Germany’s Bundesbank new hawkish president Jens Weidmann said private investors should help cover costs of the Euro zone crisis. Mr Weidmann promised a continued “stability culture” at the German central bank after taking over from outgoing president Axel Weber.
“To put the currency union back on a solid footing, the rules have to be formulated so that national finance (players) and private investors are, in principle, prepared to answer for the consequences of their decision,” said Dr Weidmann, an economist and former student of Prof Weber.
“The shifting of financial burdens to third parties cannot appear to be an attractive path. Reforms agreed to date go in the right direction but fall short of tackling central points.”
He called for a rapid end to acute crisis measures which “worsen, long term, the incentive for responsible and risk-adequate behaviour”.
“There is not infrequently a conflict between what appeared wise short term and was introduced ad hoc and that which represents a goal-oriented and efficient framework for order,” he said.
“Short-term measures can, when taken over an extended period like medication, have considerable side-effects.”

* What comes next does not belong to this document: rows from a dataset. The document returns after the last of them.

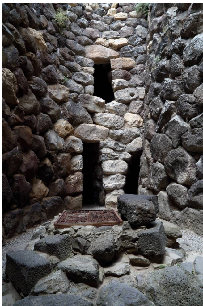
Fig. 3 - Particolare del cortile in cui si vede al centro l'ingresso alla camera della torre D (foto di Unicity S.p.A.).

Il doppio ordine di feritoie (nove al livello inferiore, otto a quello superiore) ricavate nella parete della camera inferiore, risultano perfettamente apprezzabili in quanto non furono obliterate all'interno, ma solamente all'esterno. Nello spazio compreso tra gli accessi alle torri D ed E, a m. 3,65 da terra, si apre la porta trapezoidale (m. 1,67 di altezza) di ingresso ad una cameretta a tholos (m. 4,23 di diametro per 5,20 m. di altezza), munita di nicchione e stipetto a muro, raggiungibile direttamente dal cortile con una scala mobile.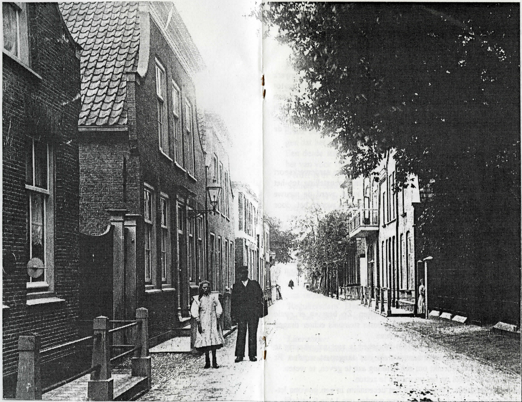
De fotograaf M.J.A. van Leeuwen maakte omstreeks 1910 deze foto van de Dorpsstraat. Links, met de lantaarn, staat het pand waarin thans Perizonius is gevestigd, daarnaast bakkerij Pieterse. Rechts, in het huis met het balkon, is onlangs restaurant D & D gevestigd. Geheel rechts, achter de boom, staat de Nicolaaskerk.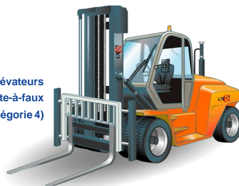
Chariots élévateurs frontaux en porte-à-faux (Catégorie 4)

ATLANTIQUE FORMATIONS SAS – Capital social : 30 000 euros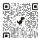
おい町 生活安定資金等融資 制度のご案内

町内に1年以上住所を有し、融資金の返還能力を有する個人（事業資金は対象外） ※詳しくは、取扱金融機関へお問い合わせください。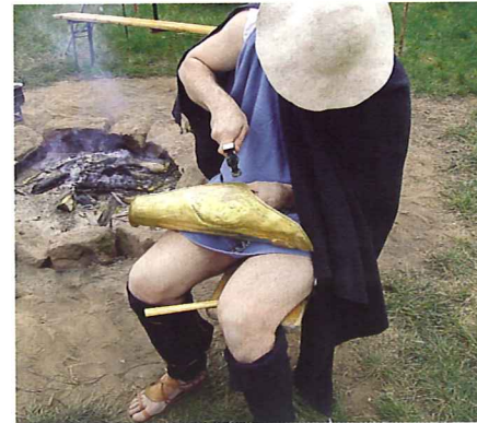
Bei Vorbereitungslagern ergeben sich immer auch Gelegenheiten um an der Ausrüstung zu arbeiten. Hier letzte Feinarbeiten an einer Beinschiene.

Als die ersten unserer Mitglieder sich an das Projekt wagten, war die Beschaffung von Ausrüstungsteilen eine wirkliche Herausforderung. Da die griechische Antike im Reenactment eher ein kaum beachtetes Randgebiet war, war geeignetes Material auf dem Markt entsprechend dünn gesät. Zwar waren einige wenige Reproduktionen von Helmen, Schwertern etc. zu finden, doch waren diese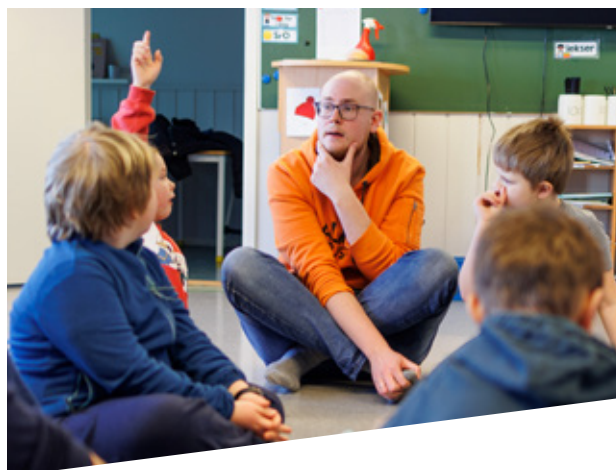
«Kunsten å lære» på Aurvoll skole i Øyer kommune, februar 2022.

Vi sender ut nyhetsbrev en gang i uken. Nyhetsbrevet har over 3 200 abonnenter.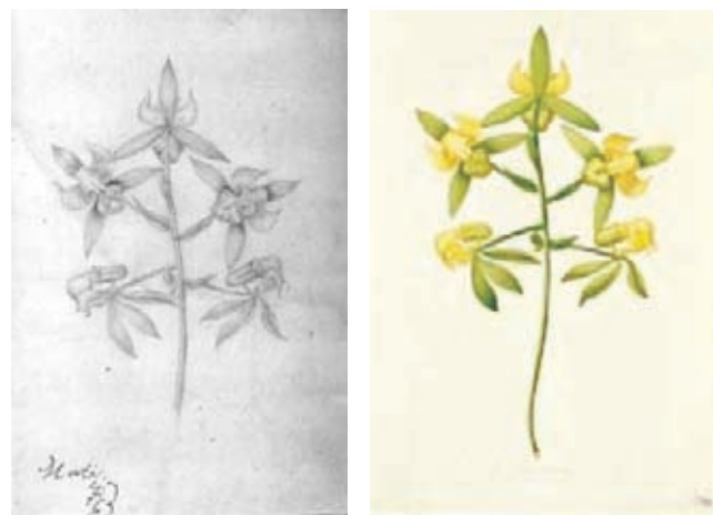
Figura 7.- Coryanthes summeriana Lindl. Orchidaceae. Izquierda, boceto a lápiz atribuido Matís, derecha lámina No. A-458 en folio mayor de la Colección Mutis (Archivo del Real Jardín Botánico, CSIC, Madrid).

Mr Weidmann (43) is the youngest president in the Bundesbank’s history. To minimise criticism of political influence over the bank – Mr Weidmann is Chancellor Merkel’s ex-economic adviser – the German leader did not attend the ceremony.
He said he would drive on the planned merger of the Bundesbank and the financial regulator, Bafin. Mr Weidmann will attend his first ECB governing council on Thursday in Helsinki.

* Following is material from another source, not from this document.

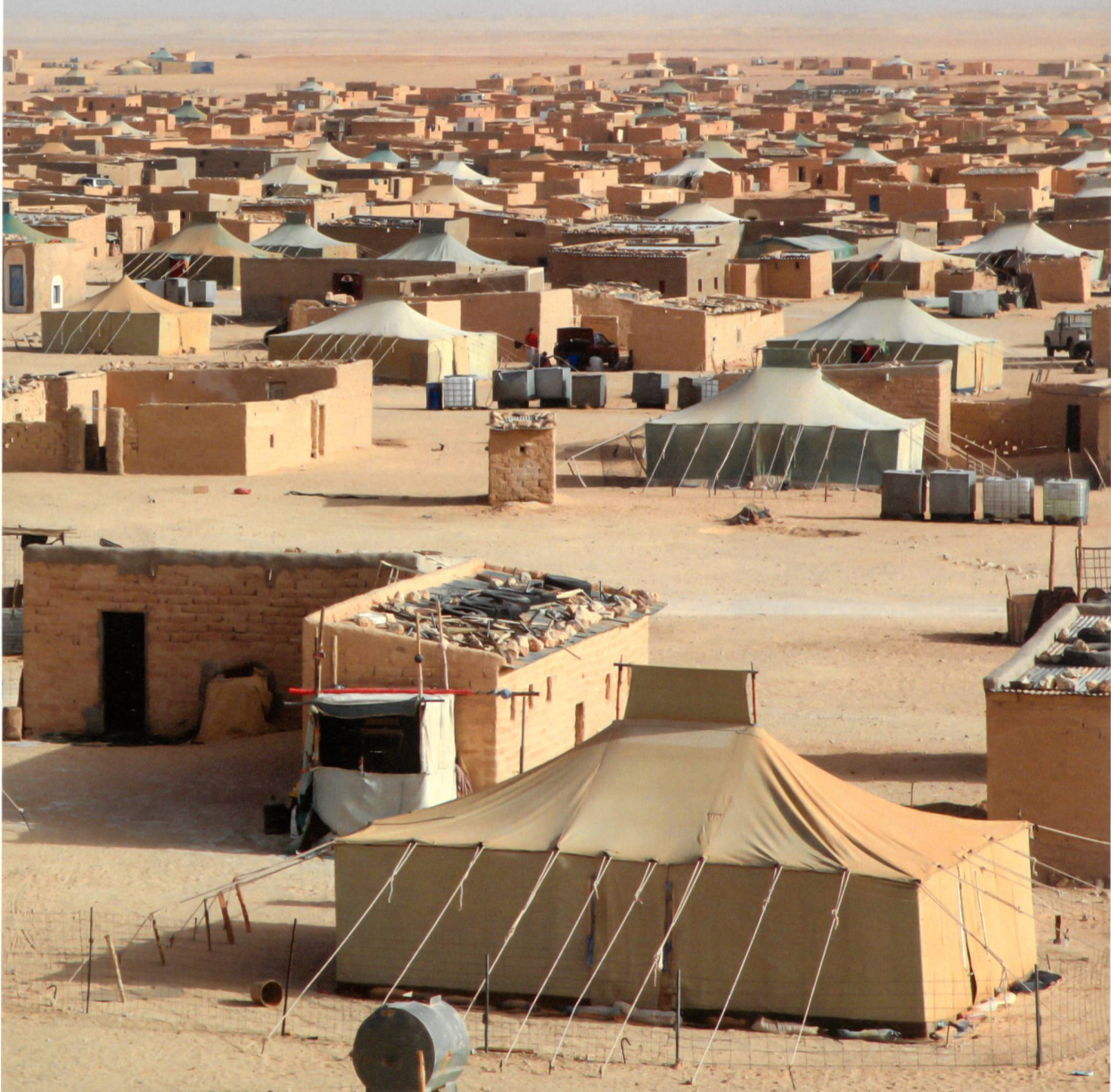
Das Lager Smara: Die Zelte bleiben stehen, sie sollen trotz massiver Bauten daran erinnern, dass die Stadt ein Flüchtlingslager ist – und keine bleibende Heimat.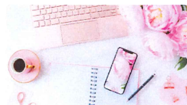
04 藤沢商工会議所女性会

ECB President Jean-Claude Trichet present at the Frankfurt ceremony said the financial crisis is not over and the economic environment remains demanding. He added that the ECB would continue to separate its non-standard policy measures - liquidity injections and bond purchases - from its standard measures, such as its interest rates.
We are still living in a very demanding environment. The crisis is not over Trichet said.
The Euro-system has kept and will keep its sense of direction, strictly separating the standard measures, designed to deliver price stability, from the non-standard measures, designed to help restore a more correct monetary policy transmission mechanism, Trichet added.